Your Money: Your easy 5-point retirement checklist

Time and again we hear people say that their biggest retirement fear is running out of money. It’s an understandable concern. With increasing lifespans and higher health care costs, retirement is often longer—and more expensive—than it used to be.

Planning ahead will go a long way in feeling more confident to take on a retirement that may last upwards of three decades. If you’re thinking about retiring within the next few years, now is the time to get your financial ducks in a row. Here are our top tips to help ensure you’re prepared.

ENVISION YOUR NEW LIFESTYLE

Taking the time to think through the realities of your retirement lifestyle helps you align your values (what’s most important to you) with your financial goals.
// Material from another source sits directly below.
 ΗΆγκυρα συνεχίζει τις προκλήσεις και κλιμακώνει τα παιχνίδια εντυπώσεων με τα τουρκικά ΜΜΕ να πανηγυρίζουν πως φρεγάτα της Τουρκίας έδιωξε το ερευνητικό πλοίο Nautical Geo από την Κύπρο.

If your ideal retirement consists of living in your current home, tending to your garden and volunteering at your local library, your financial needs will likely be very different from someone who seeks to spend their retirement visiting the world’s best 5-star resorts. Your financial plan should be constructed to reflect those differences in lifestyle.
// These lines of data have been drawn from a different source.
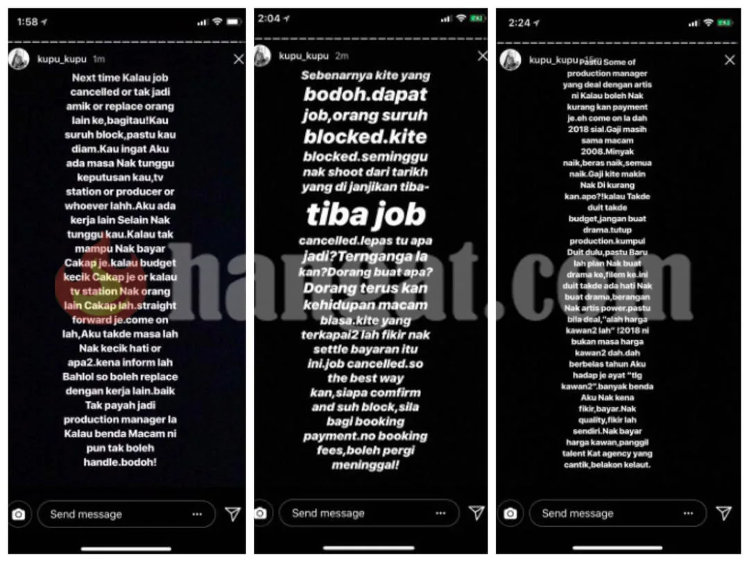 “Sudah berbelas tahun saya terpaksa berdepan ayat yang sama. Sebagai pelakon, banyak perkara yang perlu saya fikir. Bayar dan saya akan berikan hasil kerja berkualiti kerja. Fikirlah sendiri.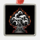 Flaming Skull and Hearts Metal Ornament
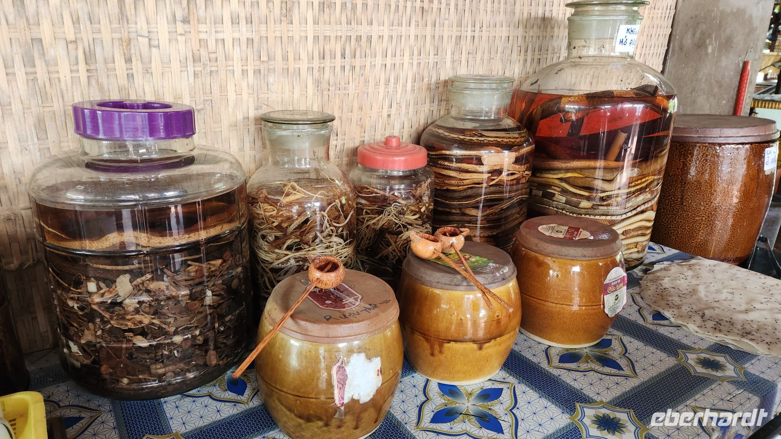 Dabei entdecken wir auch große Einmachgläser mit Schlangen darin. Uns wird erklärt, dass daraus sogenannter Schlangenwein hergestellt wird. Dieser wird in Vietnam traditionell als Heilmittel angesehen und soll angeblich die Gesundheit stärken.

OPTIMIZE YOUR EMPLOYER BENEFITS

We encourage you to scrutinize your employer benefits in the years leading up to retirement. Items to consider: Have you updated your 401(k) to include the “Catch-up” provision that allows workers 50+ to contribute an extra $6,000? Does your company offer special post-employment benefits (airline, retail discounts)? Are your employer-sponsored insurance policies portable? Are they worth the additional expense?

PROFESSIONALIZE YOUR INVESTMENT STRATEGY

Over last 15 years, the S&P 500 returned 8.19 percent annually. If you invested $100,000 and earned that 8.19 percent, you’d have over $325,000. The average equity investor over the same period only earned 4.67 percent, giving them $198,000 if they invested the same $100,000. Why are they underperforming? There are a number of excuses, such as loss aversion, denial and falling under the spell of media influence. We believe the best way to avoid behavioral mistakes is to offload investment management to an objective and professional third party like a financial adviser.
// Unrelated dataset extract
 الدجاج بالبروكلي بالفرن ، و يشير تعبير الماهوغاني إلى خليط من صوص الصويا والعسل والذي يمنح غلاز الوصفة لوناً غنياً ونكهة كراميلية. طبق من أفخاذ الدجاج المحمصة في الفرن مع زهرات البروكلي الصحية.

EVALUATE YOUR RETIREMENT SPENDING PLAN

To avoid running out of money, it’s important to not only reach a savings goal, but also chart out what your spending may look like. This is where the value of a financial adviser with expertise in retirement income planning comes in. Based on your family history, health, savings, and other factors, we can help determine an appropriate time horizon and average withdrawal rate for you— and we can suggest small changes that may extend your savings.

SEEK OUT TAX EFFICIENCIES

One of the surest ways to keep more of your hard-earned money is to employ tax planning. If your savings and investments aren’t divided into taxable, tax-deferred and tax-free categories, you probably aren’t minimizing your tax burden — which means you could end up paying more in taxes than you really need to. Enlisting the expertise of a tax planner could help make the most of your money.

You’ve worked hard for your retirement; you deserve to enjoy it. Following these five points will not only help you seek a more comfortable retirement, it’ll also help assuage any concerns you have about a lack of preparedness.

The opinions voiced in this material are for general information only and are not intended to provide specific advice or recommendations for any individual. All performance referenced is historical and is no guarantee of future results. All indexes are unmanaged and may not be invested into directly.